Recovery from Running Injuries

Running injuries are going to happen.

At this point I should be considered an expert on the subject given how many times I’ve been injured. Many of my injuries date back to reckless play as an adolescent but as I’ve aged the injuries have gone from acute to overuse. These experiences, though frustrating, have given me the confidence to know that injuries are par for the course. You can bounce back, but it takes time and work.

Sometimes injuries can come on suddenly, other times there are warning signs that you missed. Either way you got injured, now what? The most common advice is, REST. While rest has some merit it is only a small part of recovery.

Here’s my general recommendations:

1. Stop or reduce running (depending on severity and pain during and after)

2. Seek professional help (physiotherapy, massage, osteopath, chiropractor etc). You can utilize a team approach but often there is a best fit for the job.

3. Perform your prescribed exercises

Given time your injury will be on the mend and pain levels subside or potentially go away entirely . THIS IS IMPORTANT: You are now at the point where you were prior to getting injured.
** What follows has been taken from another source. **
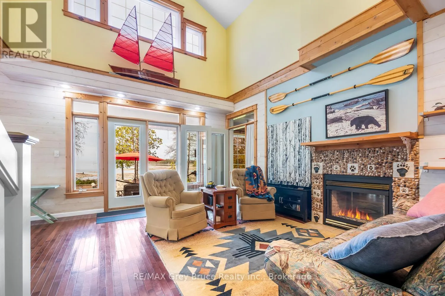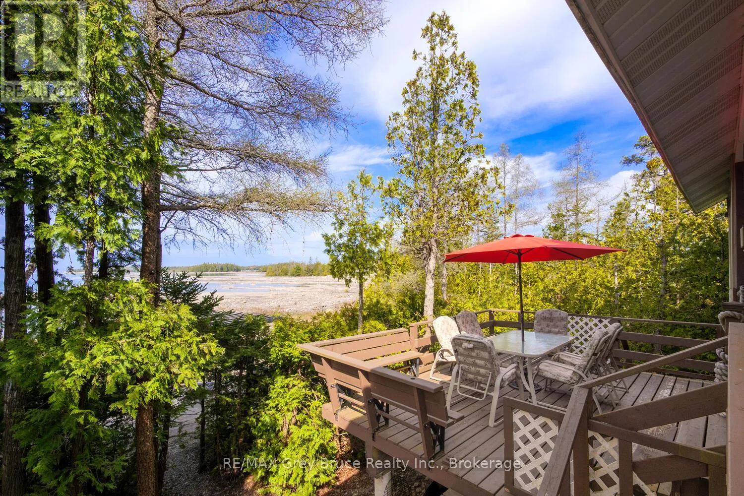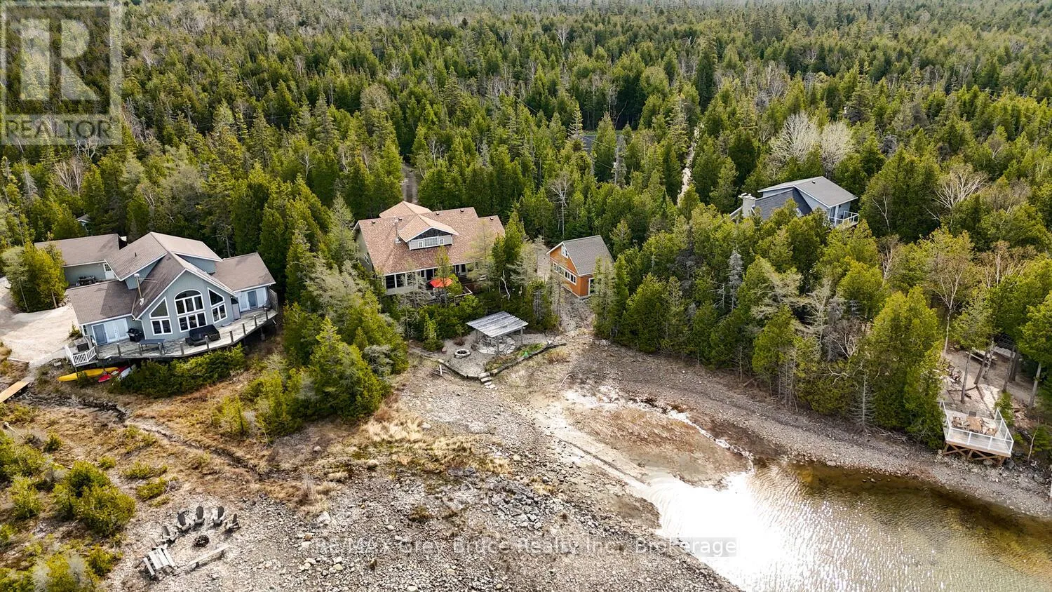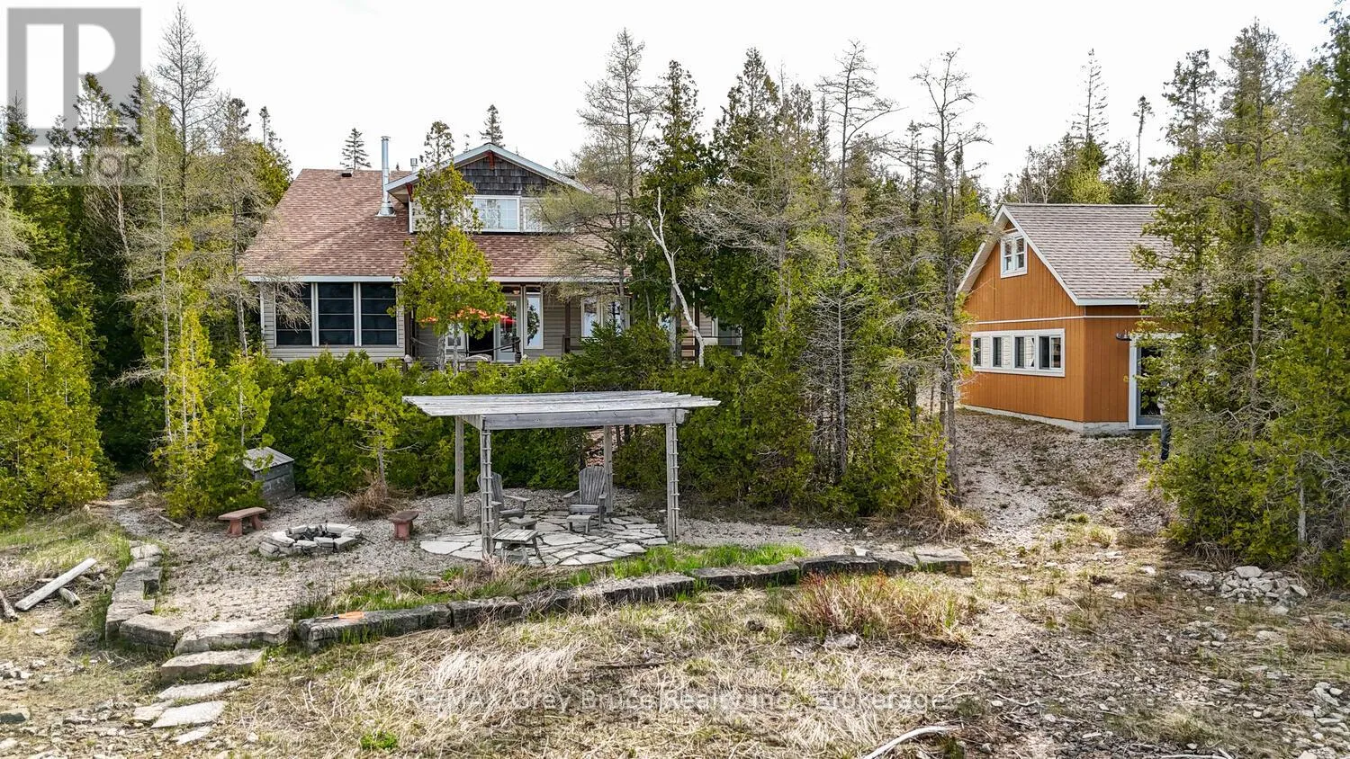 Cross Streets: Warner Bay Rd & Eagle Rd. ** Directions: Travel North on Highway 6, Turn Left on Warner Bay Rd, Follow to the T. Turn Left onto Eagle Rd. Property will be on the Right. #205. Turn-key Lakefront Home/Cottage with Sandy Shoreline! Your Bruce Peninsula retreat near Tobermory awaits. Offering a rare sandy beach shoreline in a protected cove, this property is perfect for family getaways, weekend retreats or retirement living. Sited a short drive to Tobermory and directly across from the Bruce Peninsula National Park, this property delivers the ultimate four-season recreational lifestyle. Arrive via a winding, tree-lined driveway and step into a serene setting with panoramic lake views and spectacular sunsets. Enjoy outdoor living with expansive decks, a stone waterfront patio, and covered porches - ideal for relaxing, entertaining, or soaking in the natural surroundings. The clean, sandy-bottom waterfront offers easy entry for all ages-perfect for swimming, kayaking, paddleboarding, and endless summer fun. Evenings are made for campfires by the shore, with the gentle sound of waves completing the experience. Inside, this thoughtfully designed 3 bedroom, 2-bathroom home/cottage features a bright kitchen, dining, and living area with vaulted ceilings. A double-sided fireplace adds warmth and ambiance to both the living room and primary bedroom retreat. The main floor includes a spacious secondary bedroom, a full bath, plus a private primary suite with ensuite and walkout to a screened three-season sunroom. A perfect getaway for morning coffee or quiet evenings by the woodstove. The loft-style bedroom is a dream for kids, with space for bunk beds and play, or consider use as a home office, taking in the elevated lake views. Additional features include a detached garage with loft space for storage. Offered fully furnished (turnkey), this is a ready-to-enjoy waterfront property in one of Ontario's premier cottage country destinations. Close to hiking the Bruce Trail, the Grotto, Georgian Bay, and Lake Huron - this is your gateway to adventure and relaxation. (id:27476)

You need to do something to bolster your resilience so you don’t go down the path to reinjury.

This is prime time to start a post rehab exercise program while continuing with prescribed exercises that got you here.

As you get back to activity you will likely be hyper focused on what you are “feeling” (I can relate). Pay attention, but don’t dwell. Given time your body will regain its confidence and you will be free again. Free of pain, and free to run!